◆ ACTIVITY
Every line below should be copied exactly; drop the pictures.

◆ Saved data entries
::::::
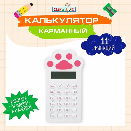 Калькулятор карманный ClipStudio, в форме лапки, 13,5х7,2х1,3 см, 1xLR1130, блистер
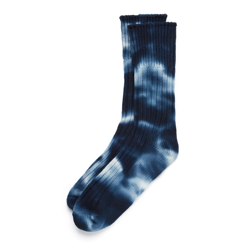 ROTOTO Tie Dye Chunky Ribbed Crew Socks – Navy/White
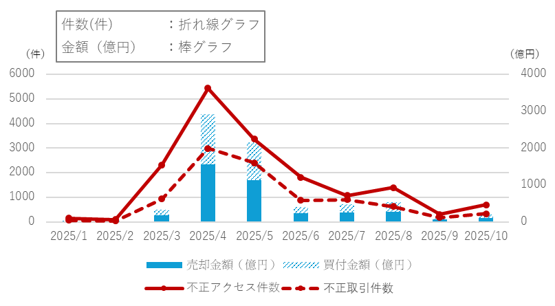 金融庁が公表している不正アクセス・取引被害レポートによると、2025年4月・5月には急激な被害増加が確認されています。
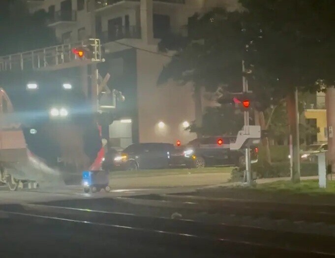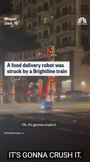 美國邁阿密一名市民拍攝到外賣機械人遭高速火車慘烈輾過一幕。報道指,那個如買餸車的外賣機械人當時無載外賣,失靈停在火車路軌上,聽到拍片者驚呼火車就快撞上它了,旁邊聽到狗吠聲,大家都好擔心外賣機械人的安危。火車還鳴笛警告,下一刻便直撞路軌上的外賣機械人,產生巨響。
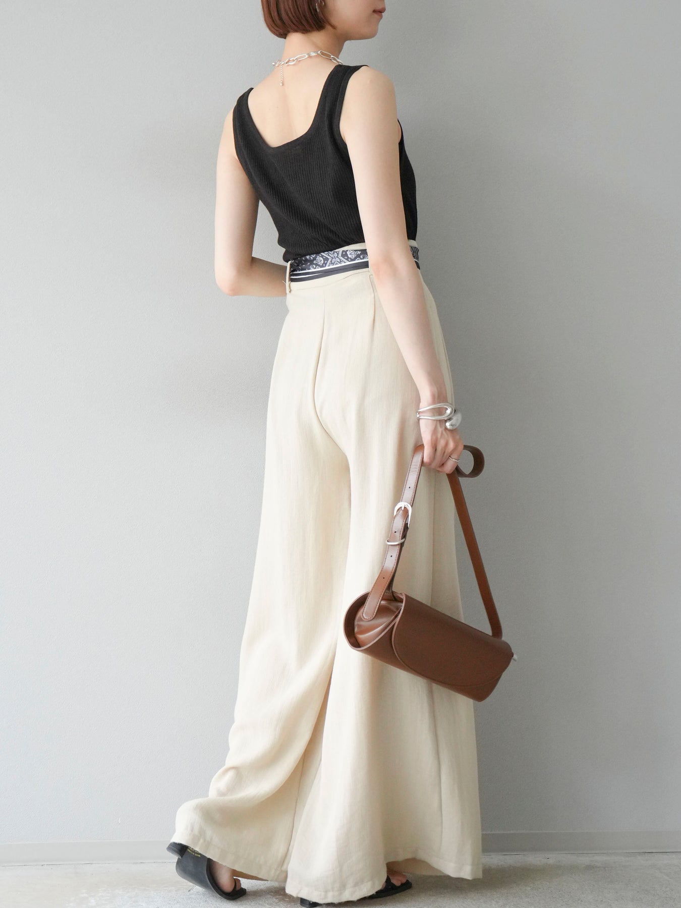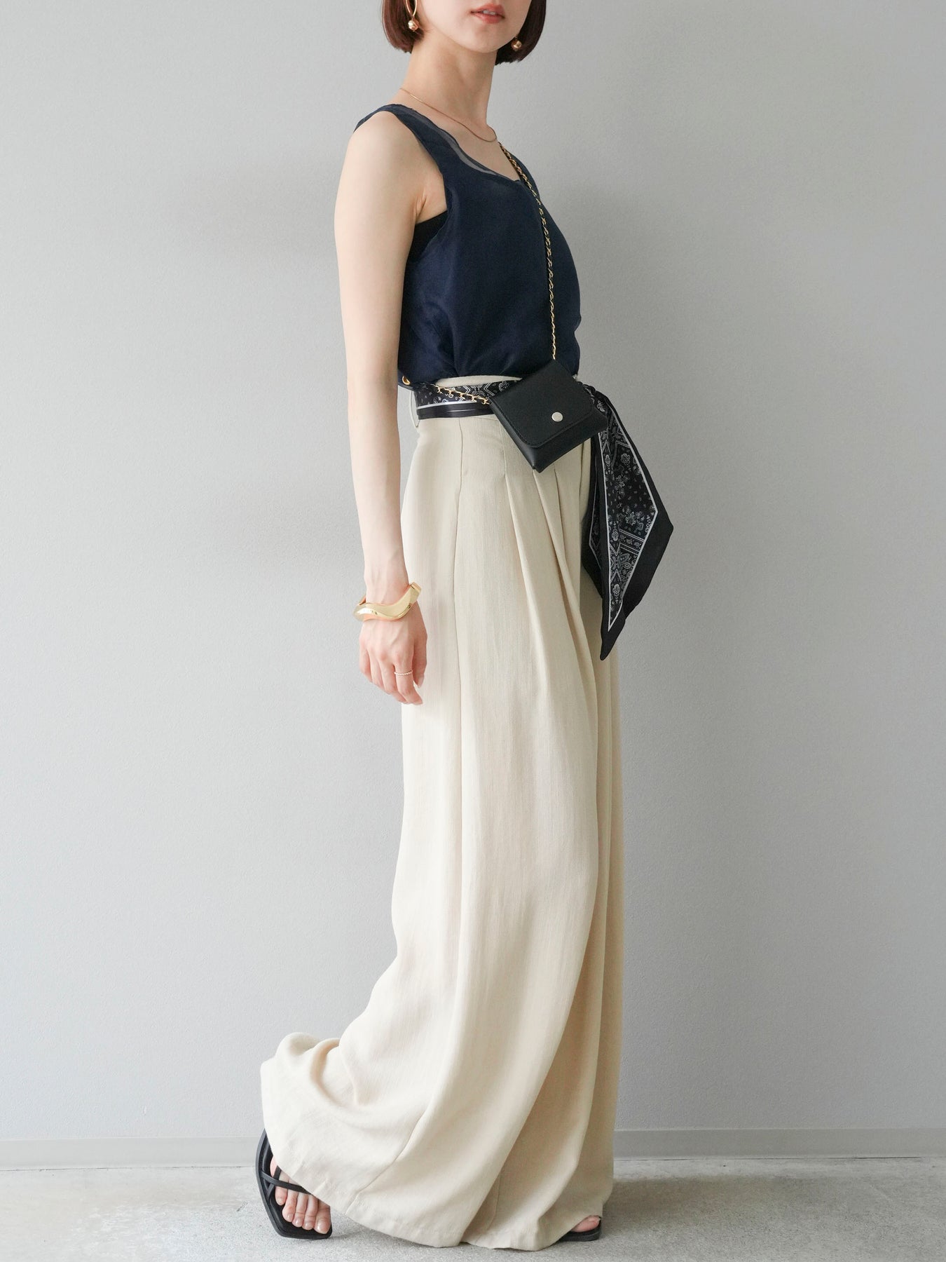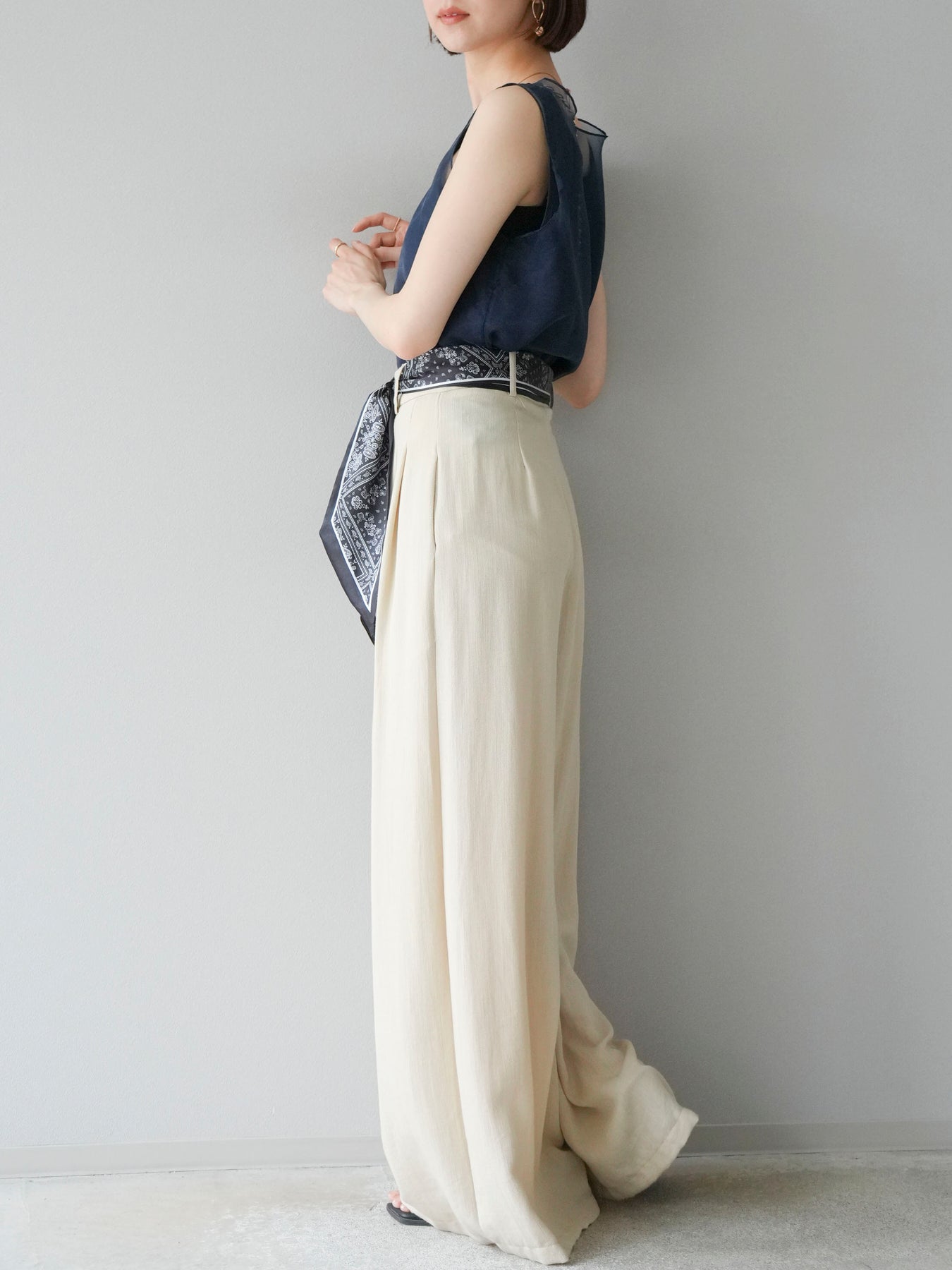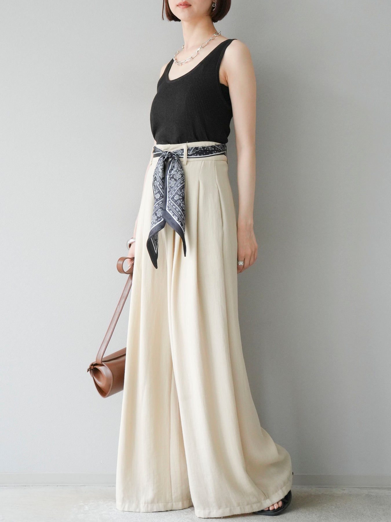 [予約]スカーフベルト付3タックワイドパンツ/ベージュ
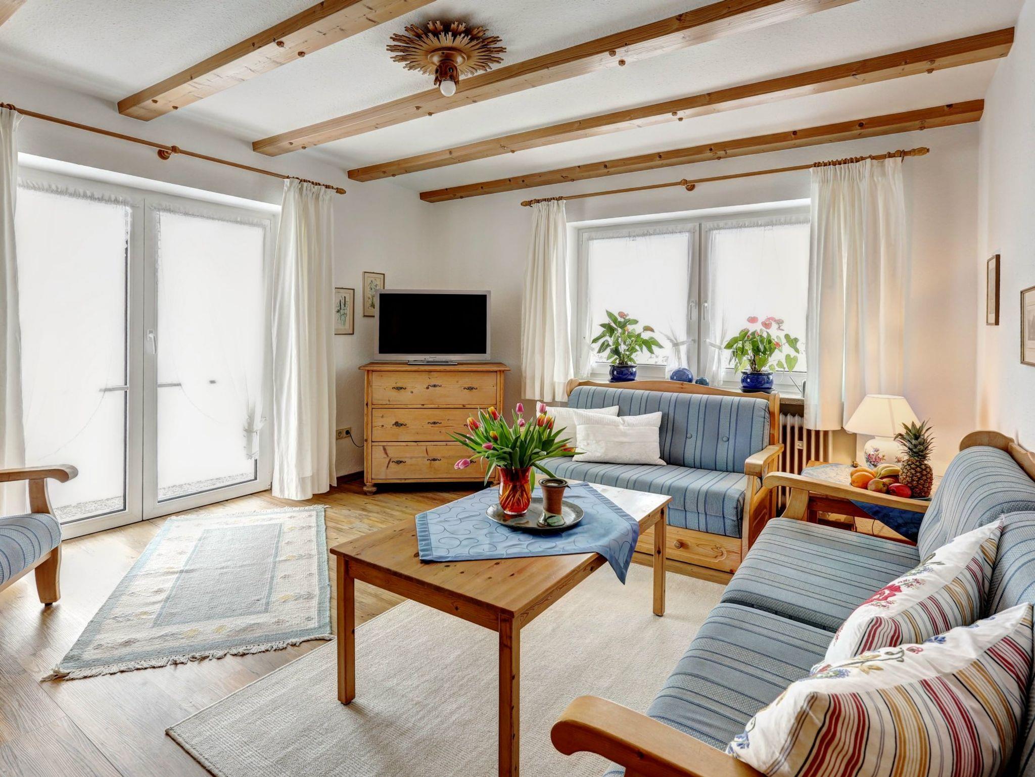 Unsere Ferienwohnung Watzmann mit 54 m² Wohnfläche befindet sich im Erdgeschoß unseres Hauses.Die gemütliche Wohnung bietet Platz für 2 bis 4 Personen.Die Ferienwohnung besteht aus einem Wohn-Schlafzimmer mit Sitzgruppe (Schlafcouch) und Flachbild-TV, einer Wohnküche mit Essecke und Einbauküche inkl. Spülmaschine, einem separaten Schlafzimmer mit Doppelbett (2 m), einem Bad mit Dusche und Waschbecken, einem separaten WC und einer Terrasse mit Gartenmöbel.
::::::
◆ ANSWER TO THE PROBLEM
 Калькулятор карманный ClipStudio, в форме лапки, 13,5х7,2х1,3 см, 1xLR1130, блистер
 ROTOTO Tie Dye Chunky Ribbed Crew Socks – Navy/White
 金融庁が公表している不正アクセス・取引被害レポートによると、2025年4月・5月には急激な被害増加が確認されています。
 美國邁阿密一名市民拍攝到外賣機械人遭高速火車慘烈輾過一幕。報道指,那個如買餸車的外賣機械人當時無載外賣,失靈停在火車路軌上,聽到拍片者驚呼火車就快撞上它了,旁邊聽到狗吠聲,大家都好擔心外賣機械人的安危。火車還鳴笛警告,下一刻便直撞路軌上的外賣機械人,產生巨響。
 [予約]スカーフベルト付3タックワイドパンツ/ベージュ
 Unsere Ferienwohnung Watzmann mit 54 m² Wohnfläche befindet sich im Erdgeschoß unseres Hauses.Die gemütliche Wohnung bietet Platz für 2 bis 4 Personen.Die Ferienwohnung besteht aus einem Wohn-Schlafzimmer mit Sitzgruppe (Schlafcouch) und Flachbild-TV, einer Wohnküche mit Essecke und Einbauküche inkl. Spülmaschine, einem separaten Schlafzimmer mit Doppelbett (2 m), einem Bad mit Dusche und Waschbecken, einem separaten WC und einer Terrasse mit Gartenmöbel.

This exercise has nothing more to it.